Can I change the nvcc location in CUDAnative?


#1

Hi, when I am building “CUDAnative” package on a server, I get the following error:

               _
   _       _ _(_)_     |  A fresh approach to technical computing
  (_)     | (_) (_)    |  Documentation: https://docs.julialang.org
   _ _   _| |_  __ _   |  Type "?help" for help.
  | | | | | | |/ _` |  |
  | | |_| | | | (_| |  |  Version 0.6.2 (2017-12-13 18:08 UTC)
 _/ |\__'_|_|_|\__'_|  |
|__/                   |  x86_64-redhat-linux

julia> Pkg.build("CUDAnative")
INFO: Building LLVM
INFO: LLVM.jl has already been built for this toolchain, no need to rebuild
INFO: Building CUDAdrv
INFO: Building CUDAnative
=================================================================================[ ERROR: CUDAnative ]=================================================================================

LoadError: could not spawn `/sw/software/cuda/9.1/centos7.3_binary/nvcc --version`: no such file or directory (ENOENT)
while loading /d/home/xiaoqihu/.julia/v0.6/CUDAnative/deps/build.jl, in expression starting on line 155

I looked up nvcc, it is located at /sw/software/cuda/9.1/centos7.3_binary/bin/nvcc, therefore it can’t spawn because it is spawning at the wrong location.

I also looked up where can I change this behavior. Correct me if I am wrong, I think it is the find_toolkit() in CUDAapi package. In the documentation of this function, it says:

...
The behavior of this function can be overridden by defining the `CUDA_PATH`, `CUDA_HOME` or
`CUDA_ROOT` environment variables, which should point to the root of the CUDA toolkit.

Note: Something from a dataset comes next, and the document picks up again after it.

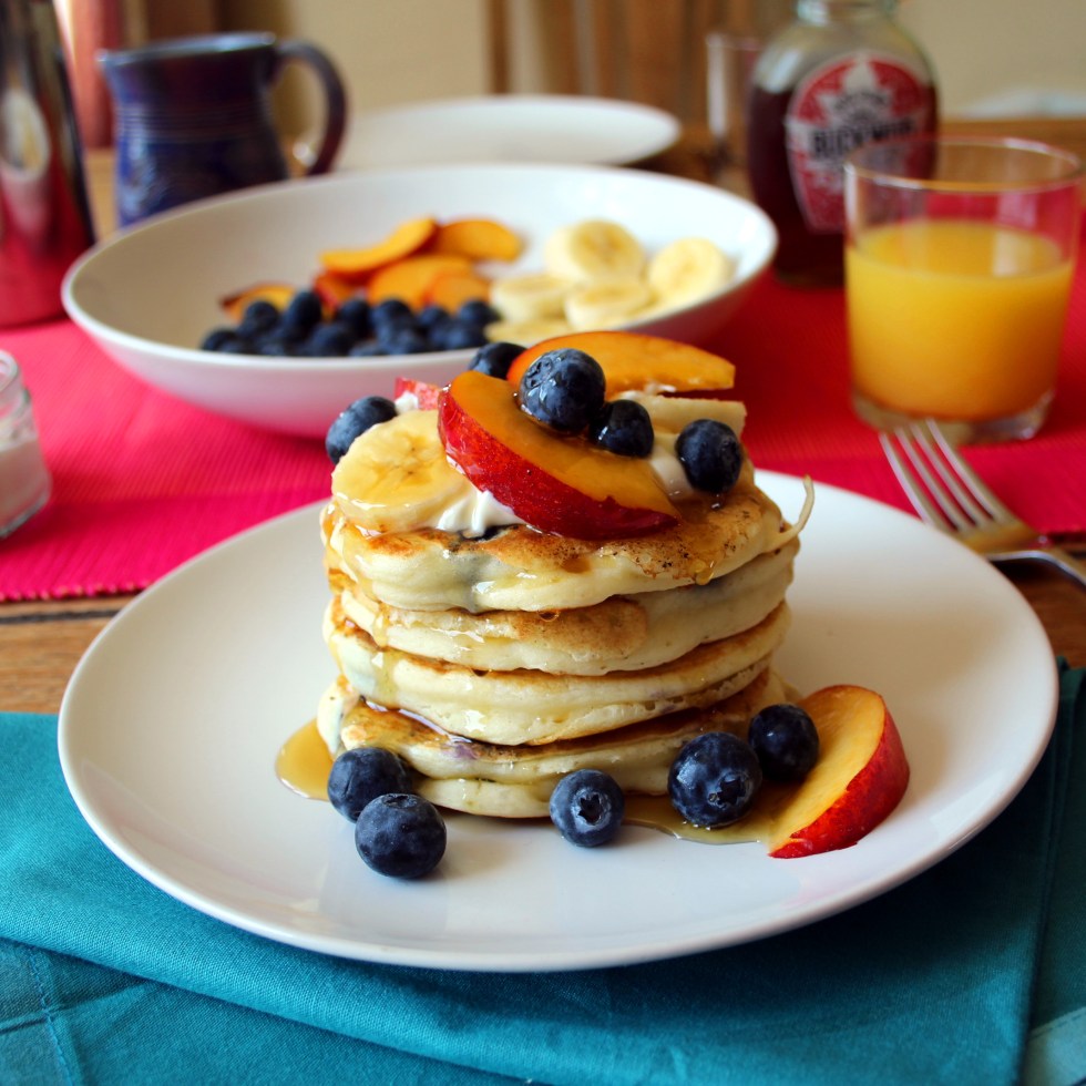Blueberry Pancakes with Fruit, Crème Fraiche and Maple Syrup

I have tried to define CUDA_HOME as /sw/software/cuda/9.1/centos7.3_binary/bin/ but it still gives the above error.


#2

OK. I thought that I need to set the environment variable in shell, but after reading the code in find_toolkit(), I need to set the environment variable in Julia ENV. Like this:

Julia> ENV["CUDA_HOME"] = " /sw/software/cuda/9.1/centos7.3_binary/bin/"

That solved the problem.


#3

That’s not true, both are identical, so guess you didn’t properly set the variable in your shell. I’m glad it works though :slightly_smiling_face:


#4

Ok. I did test it again and you are right. Thank you.
After I set CUDA_HOME to /sw/software/cuda/9.1/centos7.3_binary/bin/, Julia can’t find libdevice anymore. I have this error:

$ TRACE=1 ~/julia0.6/julia --compilecache=no ~/.julia/v0.6/CUDAnative/deps/build.jl
TRACE: LLVM.jl is running in trace mode, this will generate a lot of additional output
DEBUG: Checking validity of bundled library at /nics/d/home/xiaoqihu/julia0.6/usr/lib/libLLVM-3.9.1.so
ERROR: LoadError: Available CUDA toolchain does not provide libdevice
Stacktrace:
 [1] main() at /d/home/xiaoqihu/.julia/v0.6/CUDAnative/deps/build.jl:122
 [2] include_from_node1(::String) at ./loading.jl:576
 [3] include(::String) at ./sysimg.jl:14
 [4] process_options(::Base.JLOptions) at ./client.jl:305
 [5] _start() at ./client.jl:371
while loading /d/home/xiaoqihu/.julia/v0.6/CUDAnative/deps/build.jl, in expression starting on line 155
DEBUG: Dropping down to post-finalizer I/O

I did find /sw/software/cuda/9.1/centos7.3_binary/nvvm/libdevice/libdevice.10.bc.


#5

CUDA_HOME should probably be /sw/software/cuda/9.1/centos7.3_binary, not pointing to the bin directory within. Could you try that? If that doesn’t work, please run with 0.7 and JULIA_DEBUG=CUDAapi and file an issue on CUDAapi.


#6

If I set it as /sw/software/cuda/9.1/centos7.3_binary. The error in my original question happens again: ERROR: LoadError: could not spawn/sw/software/cuda/9.1/centos7.3_binary/nvcc --version: no such file or directory (ENOENT)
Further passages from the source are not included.